Here is the current barb design for the flow frames:

Power Electronics

As you can see in the video I have all the relevant electronics connected for controlling the pumps, though it's not yet DIN mounted in the electrical cabinet. I am working with mains (240 V) AC, so I have installed a circuit breaker and emergency stop, and plan to mount everything inside the cabinet once the configuration is final. There is a Shelly energy monitor connected that monitors the power consumption of the pumps; it also provides a relay output that can switch the pumps. I am able to remotely stop/start the pumps with this setup, which is great, and it should be trivial to allow, say, the OwnTech board to adjust the pump speed and monitor the pumps power consumption. With this, we will be able to get a better idea of what system level efficiency looks like. These pumps (Haiyi MP-6R / 10RN, also see this), or similar - confused on the branding) were drawing about what they said on the datasheet, a little over 6 W each.

The concept I had planned for the charge/discharge tests still looks like it should work, but there is more development effort to use the OwnTech board than I had planned on. See the discussion I've been having at https://forum.owntech.org/t/fbrc-flow-battery-power-electronics-and-pump-motor-control/14. I need to change some variables in the PID loops of the standard boost/buck converter programs to control for I_low or I_high, rather than V_low and V_high (ie, to convert from potentiostatic to galvanostatic mode, constant-voltage to constant-potential). This seems easily possible but it's going to take a bit longer than I'd imagined because I'll need to debug it, likely working with some existing batteries like lead-acid first before switching to use our cell. I have gotten the OwnTech board and associated software working though, and it seems like a great platform to use for the project going forward.

In the meantime I can use a MightyWatt electronic load + a laboratory power supply that I already have, that is in the process of being sent back to me in the mail.

Cell Assembly

The basic principle we have to seal the cell works. It is essential to use two 12mm endplates on each side in order to achieve adequate sealing. A single 24 mm endplate would also work, but we weren't able to source this.

Notes:

• Separator needs to have smaller holes for the ports, to match the gaskets
• Thicker PVC tubing needed to avoid kinks, tubing is hard to work with.
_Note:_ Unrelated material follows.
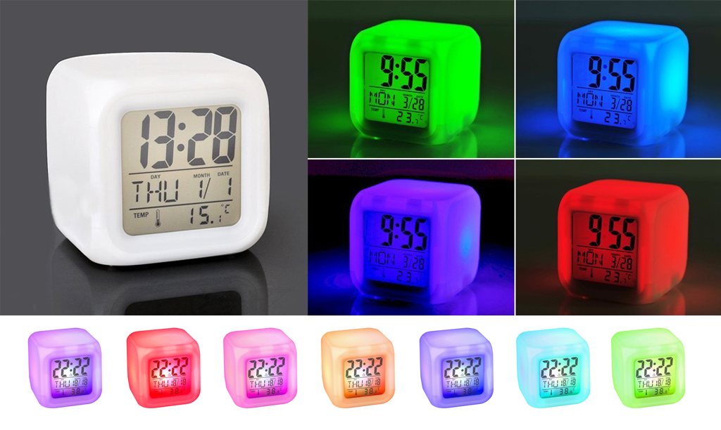 นาฬิกาปลุก ตั้งโต๊ะ LCD แสดงวัน วันที่และอุณหภูมิ พร้อมไฟ 7สี

All-Fe chemistry may allow for easier tubing (e.g. silicone)

kirk

In preparation for cycling with ~1 L quantities of electrolyte, I have also sourced a makeshift fume extractor that I will place over the assembly during cycling to vent to the outside.

I also have obtained a combination pH/conductivity probe to characterize the prepared electrolytes and assist us with modeling (once the chemicals arrive...).

kirk

Here is a video of assembling the large-format cell.

https://spectra.video/w/m9RKg1QWrFdkkn9qUBFMTS

FYI, you are meant two use two endplates per side (I used one here), I intentionally left the graphite felt out as this was for leak-testing, and the cell is missing washers on one side. The video illustrates the basic process of assembling our cell and how it is designed and seals. All the design files are available at https://codeberg.org/FBRC/RFB-large-format-cell.

The setup is essentially there, waiting on chemicals and sorting out the power electronics set up and we should be able to run our first real charge/discharge tests with this large-format cell!

The work to get to this point has been supported by the NGI0 Entrust Fund, a fund established by NLnet, to whom we are very grateful!